— EXERCISE INSTRUCTIONS —
Print every record exactly as it appears. Leave the pictures out.

<<<<

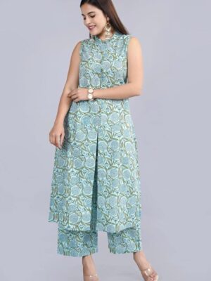 RD-2928 Sleeveless Kurti with Cotton Plazo Set
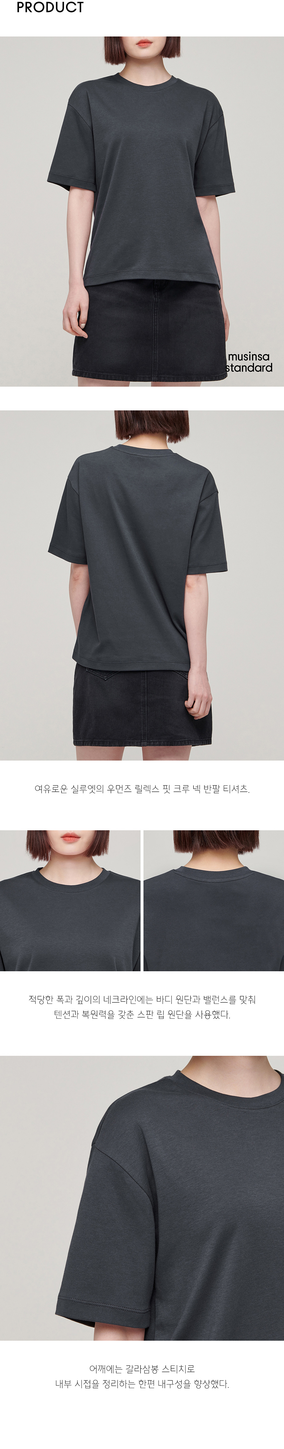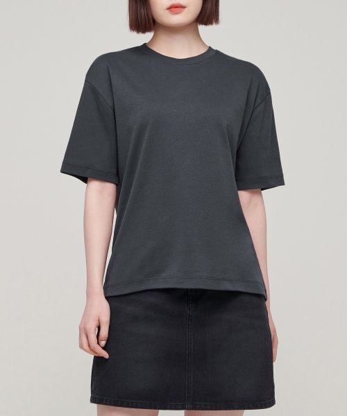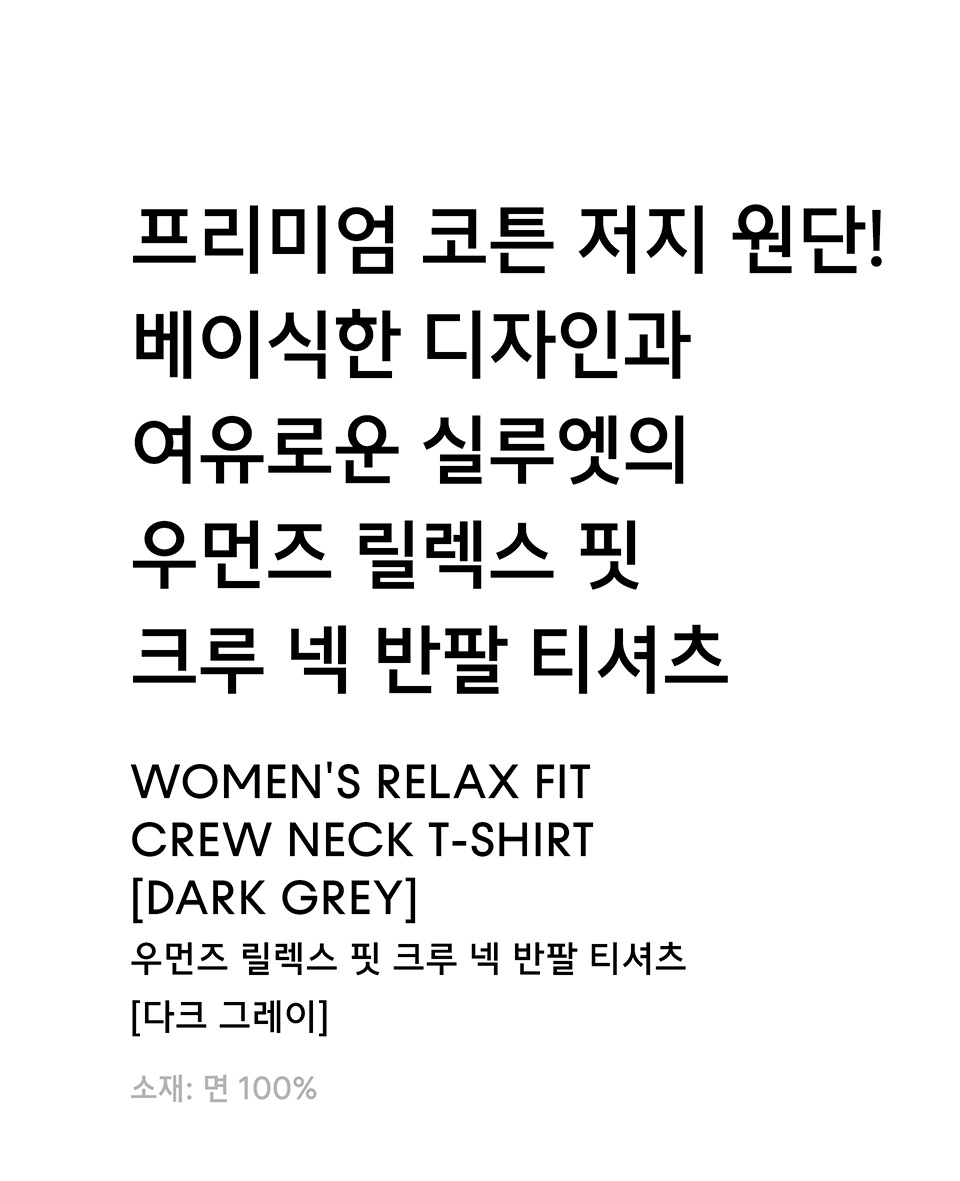 우먼즈 릴렉스 핏 크루 넥 티셔츠 [다크 그레이]
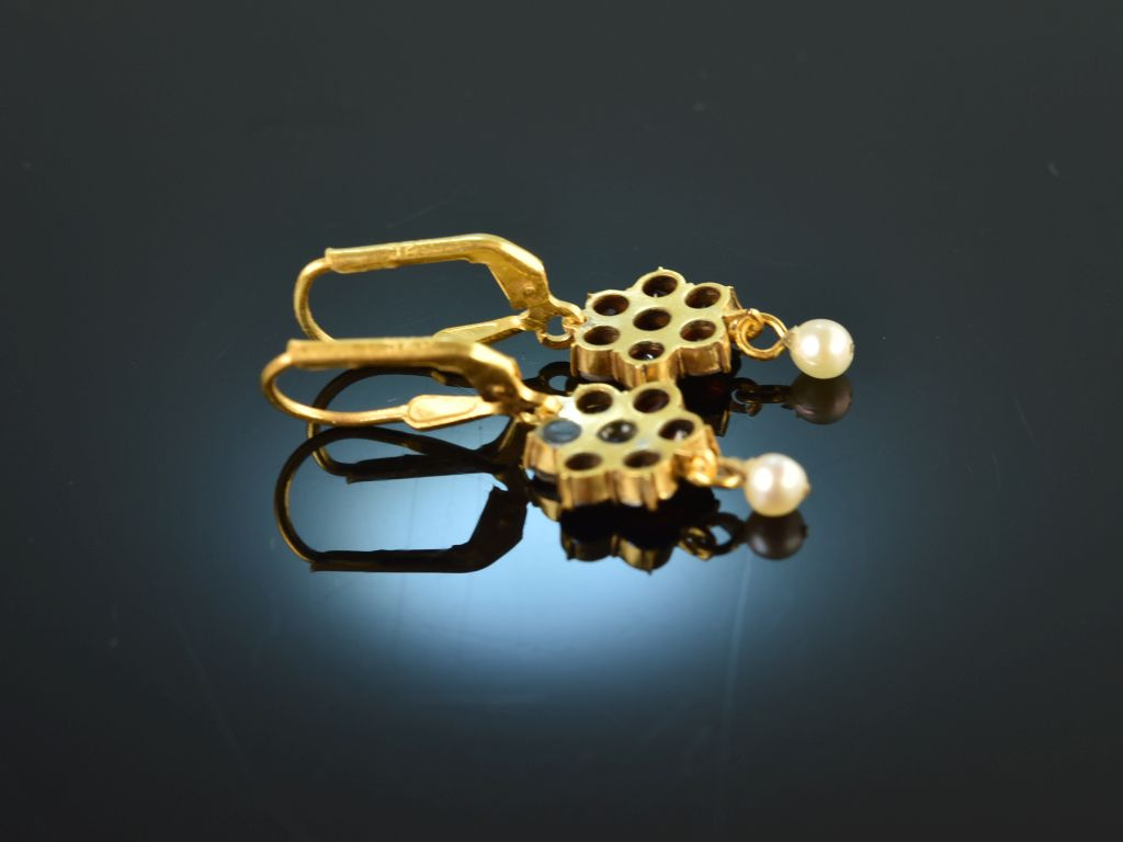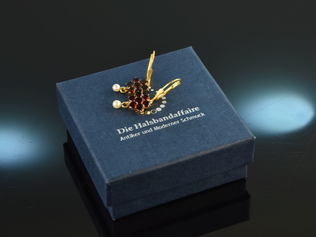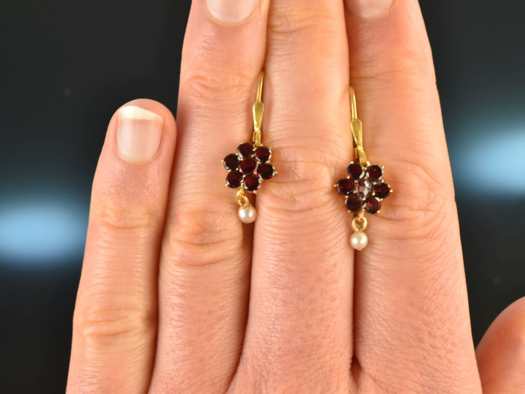 Wunderschöne Granat Trachten Ohrringe mit Perle Silber vergoldet
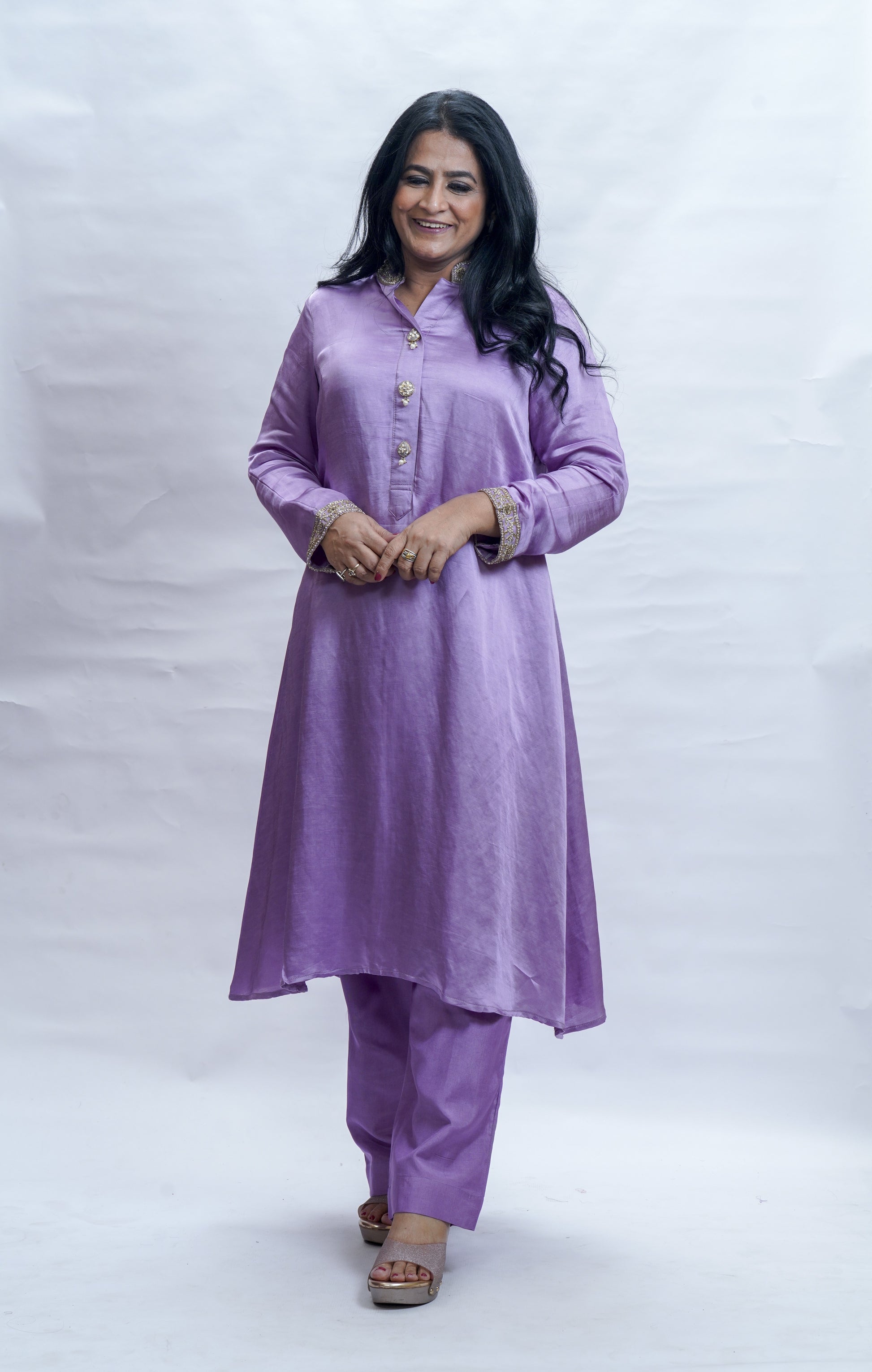 Elevate your festive style with this elegant two-piece set crafted in pure, premium fabric. The ensemble features a beautifully tailored kurta paired with matching pants, both designed for comfort and grace. Intricately adorned with heavy embroidery, the outfit blends traditional craftsmanship with timeless sophistication — perfect for festive gatherings, celebrations, or special occasions.
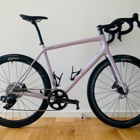Den kommer med fuld SRAM force 12 speed gruppe med sram quarq wattmåler, kranksæt med 50-35 klinge og en 10-30 kassette,
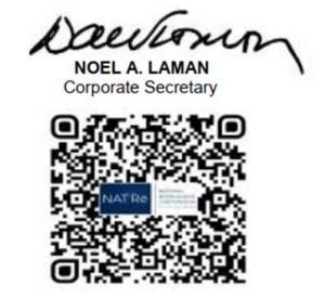 Access to Notice of Meeting, Agenda Items and Explanation of Agenda Items, Proxy Form, Sample Secretary Certificate, Definitive Information Statement, Management Report, Financial Statements, SEC Form 17A, and Minutes of Stockholders’ Meeting dated August 7, 2020 can be downloaded by scanning the QR code provided herewith. Likewise, you may also download it from the Company’s website by clicking this link https://www.nat-re.com/investorrelations/annual-stockholders-meeting/#files.
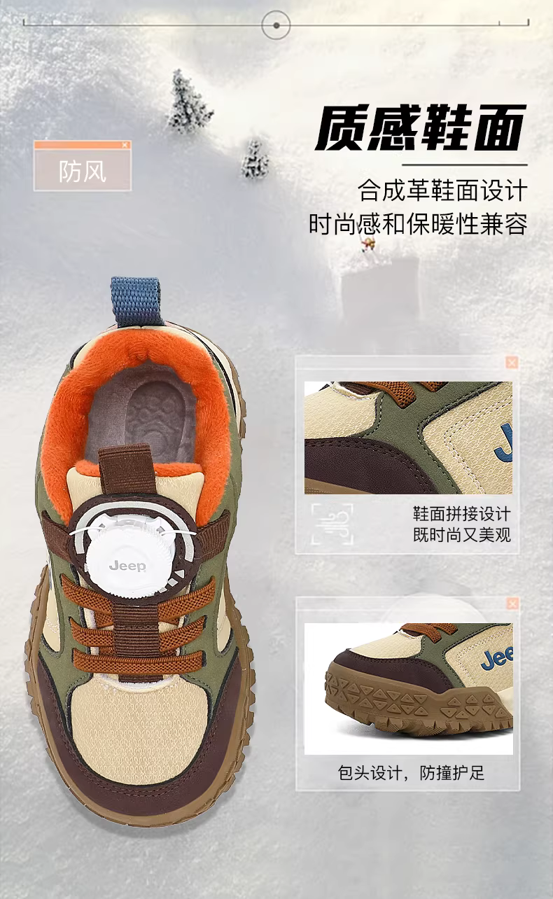 - Giày nam trẻ em Jeep, giày thể thao lót lông cừu, giày cotton hai lớp cho trẻ em, mẫu mới mùa đông 2025, giày đi bộ chống trượt cho trẻ lớn.
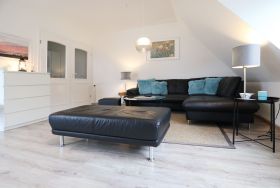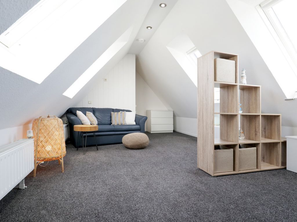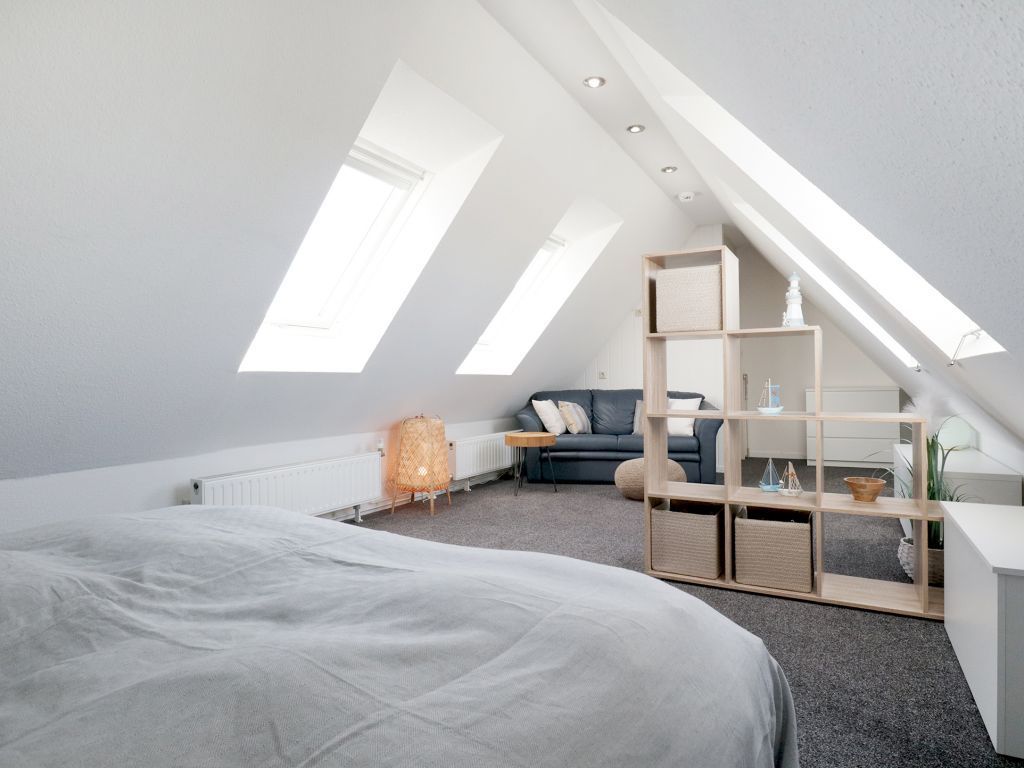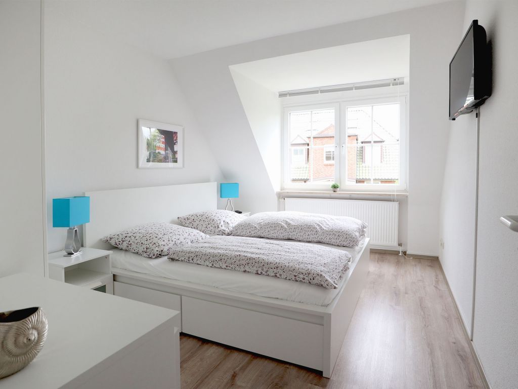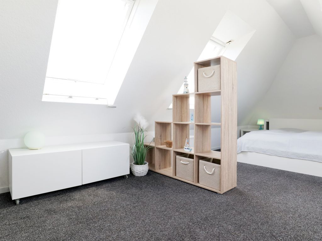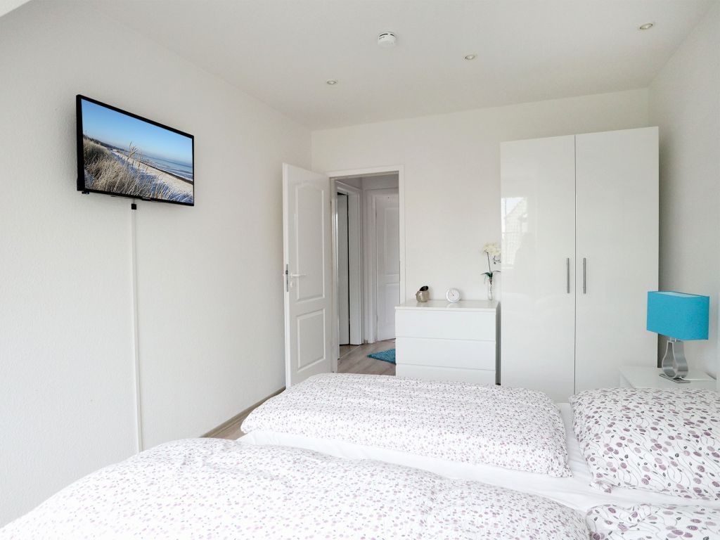 Das Ferienappartement besitzt 2 Schlafzimmer 1x mit Doppelbett, Kleiderschrank, Fernseher und 1x über eine Treppe erreichbar ein weiteres Schlafzimmer mit Doppelbett, Kommoden zudem eine Couch. Der obere Treppenteil ist mit einem ausziehbaren Treppenschutz versehen. Kinderspielzeug ist vorhanden. Des Weiteren ist auf der unteren Wohnebene ein geräumiges Badezimmer mit Tageslichtfenster und Regendusche mit Massagefunktion.

>>>>

— SOLVED EXERCISE —
 RD-2928 Sleeveless Kurti with Cotton Plazo Set
 우먼즈 릴렉스 핏 크루 넥 티셔츠 [다크 그레이]
 Wunderschöne Granat Trachten Ohrringe mit Perle Silber vergoldet
 Elevate your festive style with this elegant two-piece set crafted in pure, premium fabric. The ensemble features a beautifully tailored kurta paired with matching pants, both designed for comfort and grace. Intricately adorned with heavy embroidery, the outfit blends traditional craftsmanship with timeless sophistication — perfect for festive gatherings, celebrations, or special occasions.
Den kommer med fuld SRAM force 12 speed gruppe med sram quarq wattmåler, kranksæt med 50-35 klinge og en 10-30 kassette,
 Access to Notice of Meeting, Agenda Items and Explanation of Agenda Items, Proxy Form, Sample Secretary Certificate, Definitive Information Statement, Management Report, Financial Statements, SEC Form 17A, and Minutes of Stockholders’ Meeting dated August 7, 2020 can be downloaded by scanning the QR code provided herewith. Likewise, you may also download it from the Company’s website by clicking this link https://www.nat-re.com/investorrelations/annual-stockholders-meeting/#files.
 - Giày nam trẻ em Jeep, giày thể thao lót lông cừu, giày cotton hai lớp cho trẻ em, mẫu mới mùa đông 2025, giày đi bộ chống trượt cho trẻ lớn.
 Das Ferienappartement besitzt 2 Schlafzimmer 1x mit Doppelbett, Kleiderschrank, Fernseher und 1x über eine Treppe erreichbar ein weiteres Schlafzimmer mit Doppelbett, Kommoden zudem eine Couch. Der obere Treppenteil ist mit einem ausziehbaren Treppenschutz versehen. Kinderspielzeug ist vorhanden. Des Weiteren ist auf der unteren Wohnebene ein geräumiges Badezimmer mit Tageslichtfenster und Regendusche mit Massagefunktion.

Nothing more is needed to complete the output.